• **WORK ITEM**: Omit the images. Copy each entry word for word.

##############################

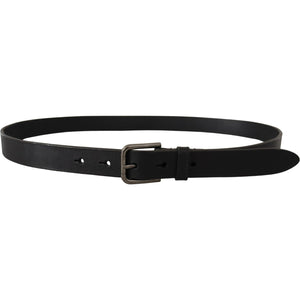 Dolce & Gabbana Black Calf Leather Logo Engraved Metal Buckle Belt
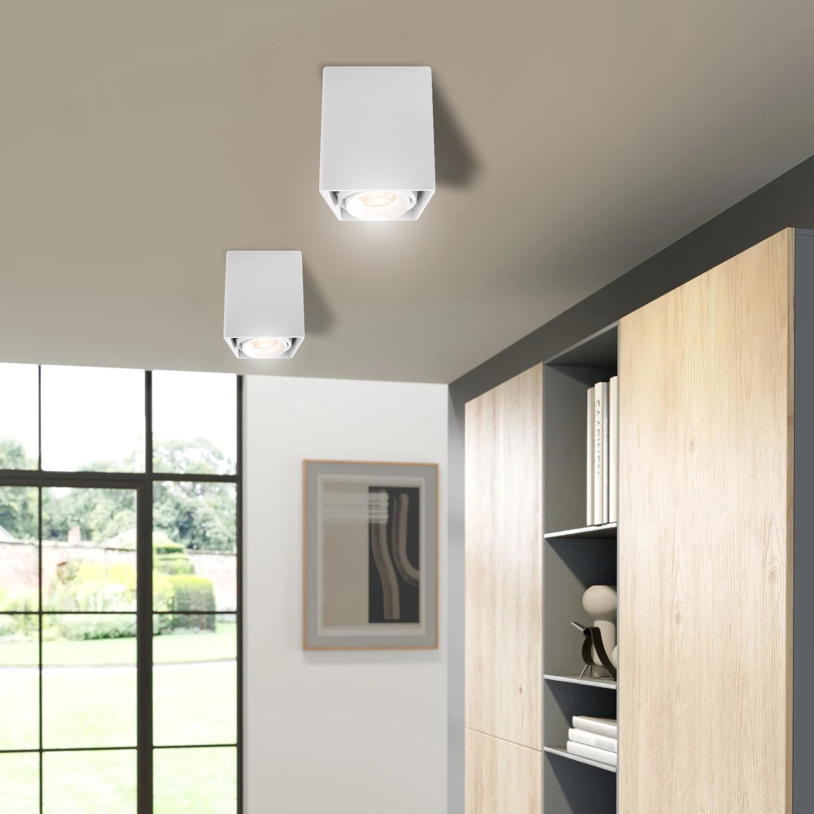 Design moderno ed essenziale dalla froma quadrata ideale per illuminare e arredare nello stesso tempo i propri ambienti. Dotato di base di fissaggio a soffito alla quale si aggancia il corpo illuminante. La sua forma lo rende compatibile con ogni stile architettonico.
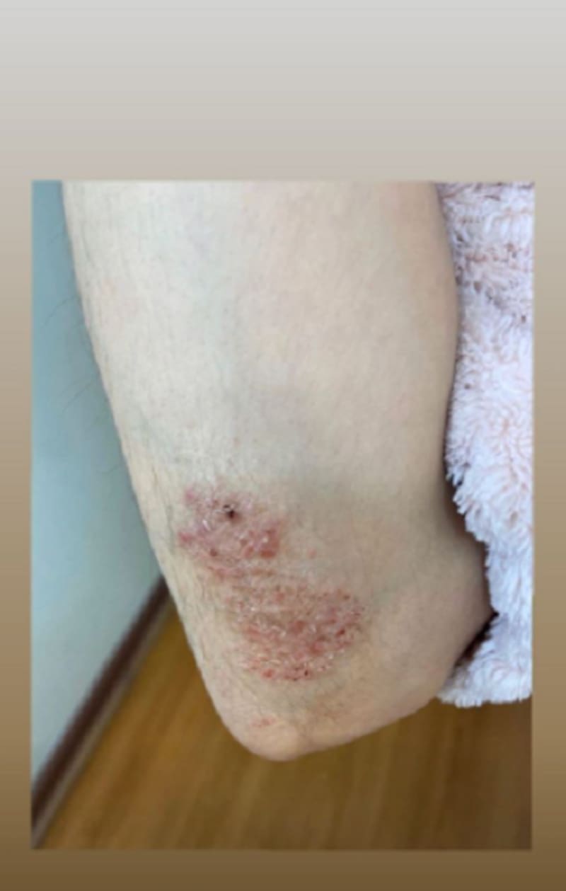"Hace poco era rostro, manos, espalda y brazos…Hoy solo quedan algunas zonas de eccema", comentó la influencer en la publicación.
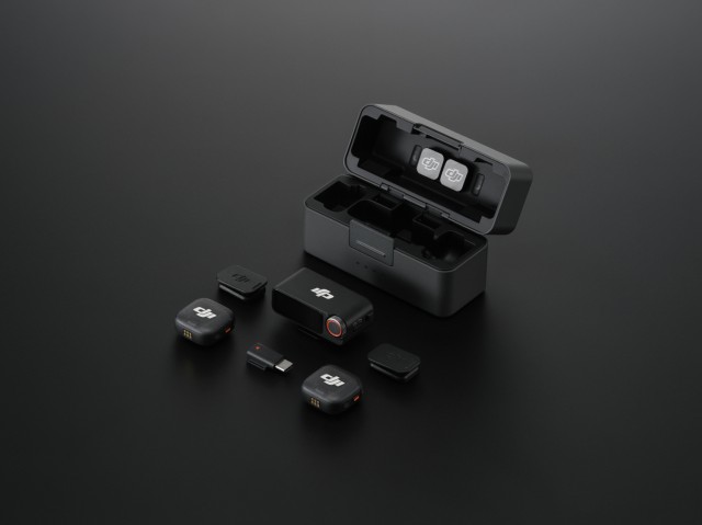 Po dokončení natáčania jednoducho použite nabíjacie puzdro a dátový kábel USB-C na pripojenie oboch vysielačov k počítaču alebo smartfónu. Editácia a zdieľanie sú veľmi rýchle a jednoduché, všetky interne zaznamenané súbory sa prenesú naraz. Vysielač môžete tiež pripojiť k aplikácii DJI Mimo a stiahnuť si dané audio súbory.
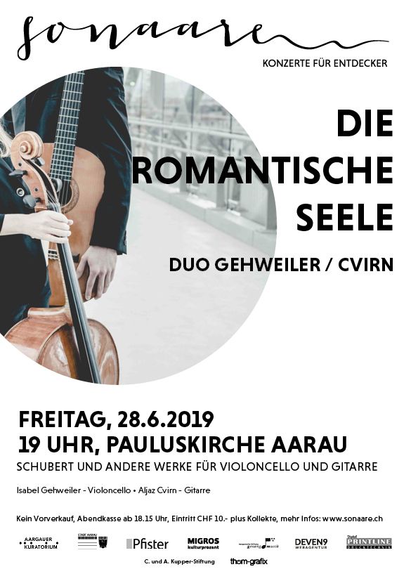 Der Gitarrist Aljaz Cvirn und die Cellistin Isabel Gehweiler beleben im Duo das Repertoire für Violoncello und Gitarre. Beide Musiker sind Preisträger zahlreicher Wettbewerbe, wie als Duo bei dem Paula Ruminelli Wettbewerb 2017. Die aparte Kombination beider Instrumente kreiert eine zauberhafte kammermusikalische Intimität. Obwohl originale Kompositionen rar sind, konnten sich Bearbeitungen, wie die Arpeggione Sonate von Franz Schubert in der Version für Violoncello und Gitarre etablieren.
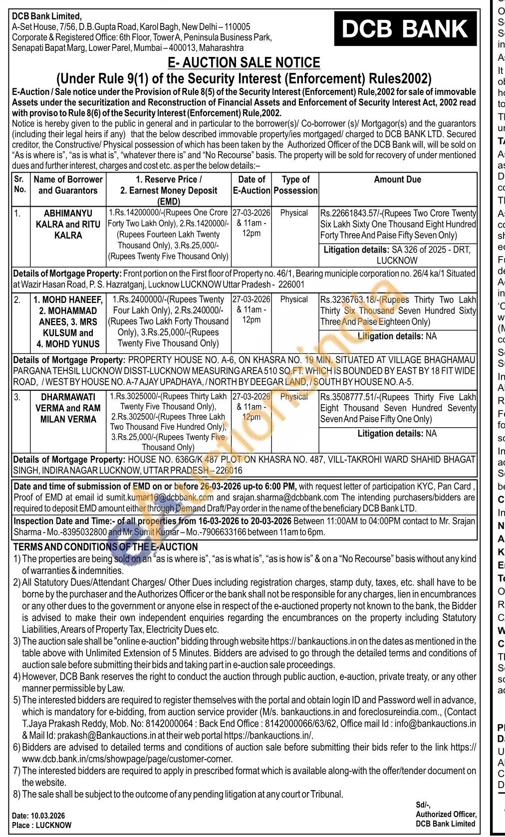 Details of Mortgage Property: Front portion on the First floor of Property no. 46/1, Bearing municiple corporation no. 26/4 ka/1 Situated at Wazir Hasan Road, P. S. Hazratganj, Lucknow LUCKNOW Uttar Pradesh-226001
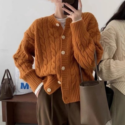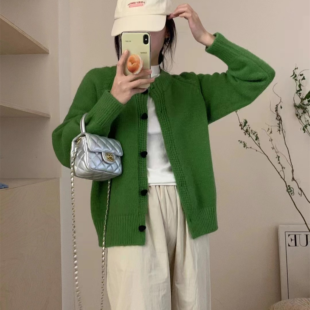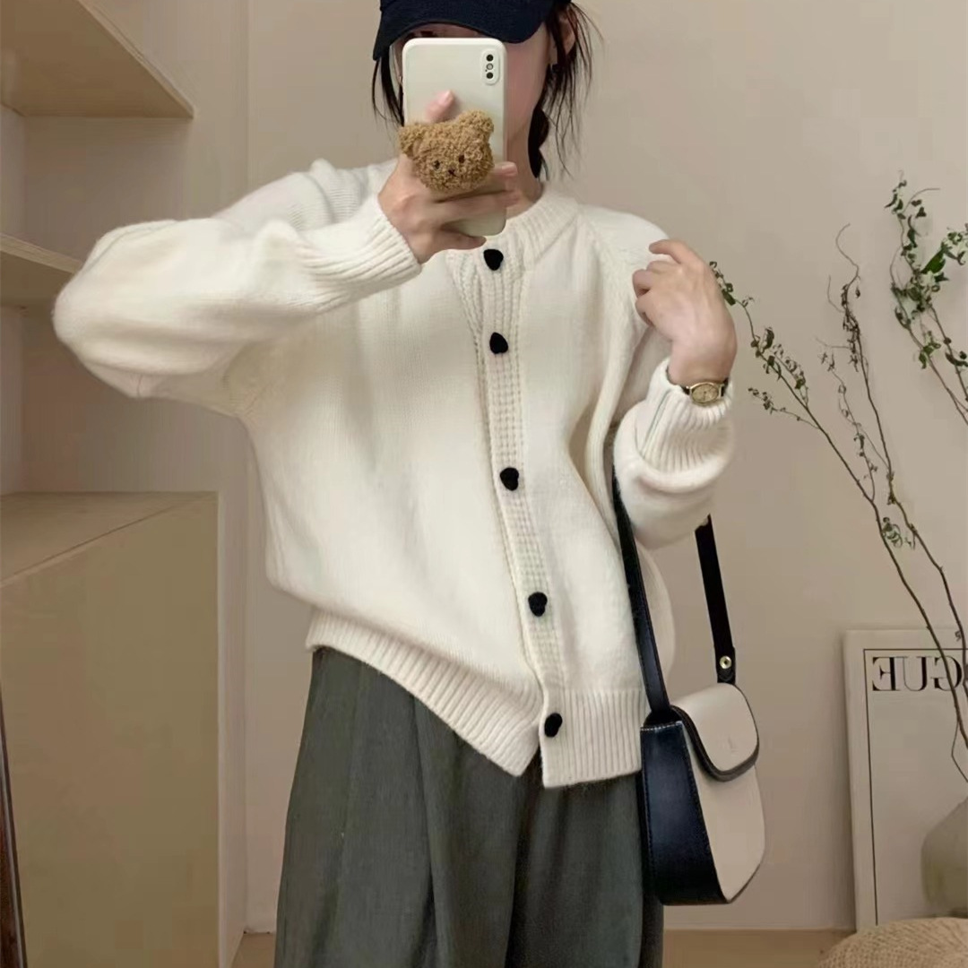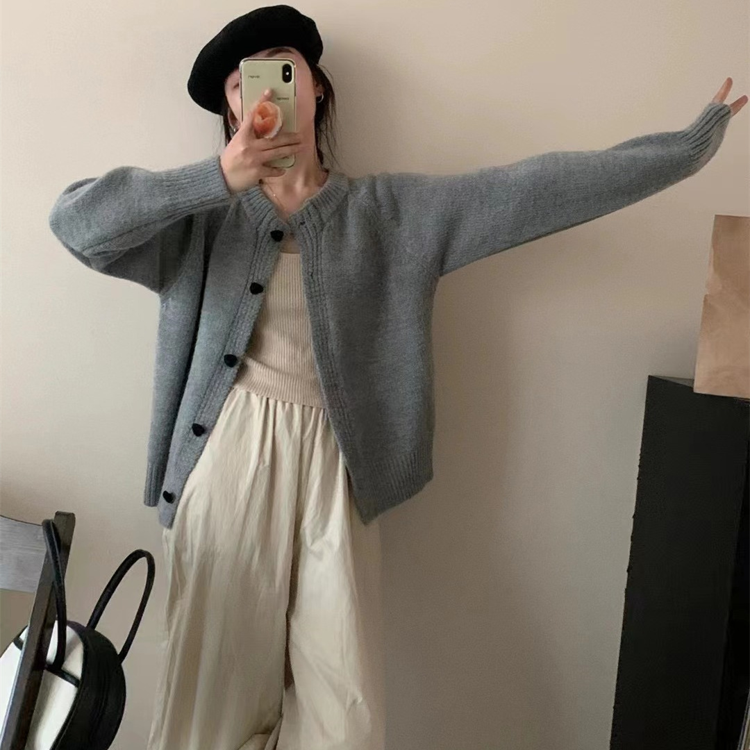 일본 초가을 새로운 복고풍 솔리드 컬러 카디건 여성 스웨터 재킷 여성 게으른 스타일 느슨한 스웨터 탑 유행스토어 가기

##############################

• **RESULT OF THE EXERCISE**:
 Dolce & Gabbana Black Calf Leather Logo Engraved Metal Buckle Belt
 Design moderno ed essenziale dalla froma quadrata ideale per illuminare e arredare nello stesso tempo i propri ambienti. Dotato di base di fissaggio a soffito alla quale si aggancia il corpo illuminante. La sua forma lo rende compatibile con ogni stile architettonico.
"Hace poco era rostro, manos, espalda y brazos…Hoy solo quedan algunas zonas de eccema", comentó la influencer en la publicación.
 Po dokončení natáčania jednoducho použite nabíjacie puzdro a dátový kábel USB-C na pripojenie oboch vysielačov k počítaču alebo smartfónu. Editácia a zdieľanie sú veľmi rýchle a jednoduché, všetky interne zaznamenané súbory sa prenesú naraz. Vysielač môžete tiež pripojiť k aplikácii DJI Mimo a stiahnuť si dané audio súbory.
 Der Gitarrist Aljaz Cvirn und die Cellistin Isabel Gehweiler beleben im Duo das Repertoire für Violoncello und Gitarre. Beide Musiker sind Preisträger zahlreicher Wettbewerbe, wie als Duo bei dem Paula Ruminelli Wettbewerb 2017. Die aparte Kombination beider Instrumente kreiert eine zauberhafte kammermusikalische Intimität. Obwohl originale Kompositionen rar sind, konnten sich Bearbeitungen, wie die Arpeggione Sonate von Franz Schubert in der Version für Violoncello und Gitarre etablieren.
 Details of Mortgage Property: Front portion on the First floor of Property no. 46/1, Bearing municiple corporation no. 26/4 ka/1 Situated at Wazir Hasan Road, P. S. Hazratganj, Lucknow LUCKNOW Uttar Pradesh-226001
 일본 초가을 새로운 복고풍 솔리드 컬러 카디건 여성 스웨터 재킷 여성 게으른 스타일 느슨한 스웨터 탑 유행스토어 가기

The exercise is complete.